‘Sanctions and Russia’ – report and debate

Katarzyna Stachyra

The Polish Institute of International Affairs (hereinafter: PISM) published on 14 January report ‘Sanctions and Russia’[1]. This issue holds attention of all international community, because recession in Russian economy and changes in trade relation with Western world influence not only concerned states, but also other powerful actors, such as China. Are sanctions effective and sufficient measure in the light of violation of international law by Russia? Which consequences are seen currently and what can we expect in the future? Those questions were asked during debate with the participation of Jarosław Ćwiek-Karpowicz (PISM), Marek Menkiszak (the Centre for Eastern Studies), Ivan Rassokhin (the Centre for Polish-Russian Business Cooperation) and Arleta Bojke as a moderator (TVP’s correspondent in Moscow).

Sanctions in PISM’s assessment


The report begins with explanation of the nature and mechanisms of sanctions. Then, authors try to assess sanction’s impact on various areas, such as Russian economy, politics, regions, bureaucracy, oligarchs, energy, military sector and foreign policy. Using statistical data, analysis and press reports PISM describes changes in Russia and presents interesting background of some phenomena which helps readers to understand situation. According to the report, general conclusion which may be drawn is that sanctions have severe influence to Russian economy and their main advantage was to refrain from further annexation of Ukraine.

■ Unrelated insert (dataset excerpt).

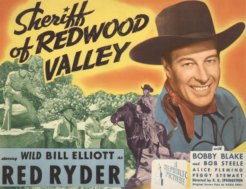 I really like the Red Ryder movies with “Wild” Bill Elliott and Bobby Blake. Sheriff of Redwood Valley is the third one I’ve seen, and watching it after a couple of really bad P.R.C. westerns drove home an opinion I’ve long held; a low budget is no excuse for a bad movie.

‘Sanctions have so far been the most effective instrument of Western influence on Russia’s policy towards Ukraine, stopping the Kremlin from making a greater military incursion in the country.’

Moreover, PISM emphasized that ‘the EU should be ready to impose, in tandem with the United States, new sanctions in the event that Russia breaks the fragile ceasefire and pursues, openly or covertly, more territorial gains in eastern Ukraine.’

Other voices in debate

Opposite point of view was presented during debate by some of its participants. Marek Menkiszak strongly argued, that the most ‘painful’ sanctions are not those imposed by the USA and the EU, but… by Russia itself. He said that Russian embargo on goods from EU members states has the most negative impact of the current economic situation, because Russia is heavily dependent on import from these countries. It is worth noting that Russian propaganda has convinced the public opinion that problems with the availability of some products are due to Western sanctions – not by Russian embargo, which caused the situation. M. Menkiszak added, that Russian economy would be in recession even without sanctions, because of structural problems. Nevertheless, he found sanctions needed, as they constituted a kind of punishment and showed that Western states ‘exist’ and are able to take measures jointly.

©Katarzyna Stachyra (EUROpens BLOG)

©Katarzyna Stachyra (EUROpens BLOG)

Ivan Rassokhin presented similar view. Namely, he pointed out that present crisis in Russian economy results from neglect of the past in the first place. Sanctions are just another nail in the coffin. He said that in Russia there is no specific monetary policy – The Central Bank of the Russian Federation ‘acts as a counter’. Russia did not do anything but a good impression. I. Rassokhin noted, however, that effects of sanctions may be observed especially by ordinary people in the biggest cities. He thinks that sanctions are not so unfavorable for the elite as it seems. In his opinion lack of equipment, parts and technical assistance, which is very crucial in connection with the unconventional oil extraction is the most serious, because nobody – apart from the USA – produce such a specialized equipment. I. Rassokhin also disagreed with one of the conclusions in the report related with restraint of Russia from further annexation thanks to introducing sanctions. He believed, that even without punitive measures Russia would not take another part of the territory of Ukraine – since connecting territory is not the main purpose. Russia tends to destabilize the situation in Ukraine, in order to unravel its integration plans with the EU. It goes in the current situation, and it is not necessaryto take the next steps.

Foreseeing the future

According to PISM’s report, ‘As the sanctions are relatively new, any analysis of the impact of prohibitive measures against Russia is still preliminary.’ I agree with this statement. Situation of Russian economy is complicated, and sanctions are one of the factors which aggravate it. Basing on report and information from other sources two scenarios seem to be possible. The first one assumes that Russia will fall into deeper crisis and will have to change policy towards pro-European aspiration of Ukraine and other post-Soviet states. The second scenario is related with fostering closer trade relations by Russia with Asian states, especially with China. The question is how it would determine position of Russia and China in the future? And the most important – how long will we have to wait for stable situation in Ukraine? Nonetheless, we can say proudly that the EU passed difficult test of solidarity.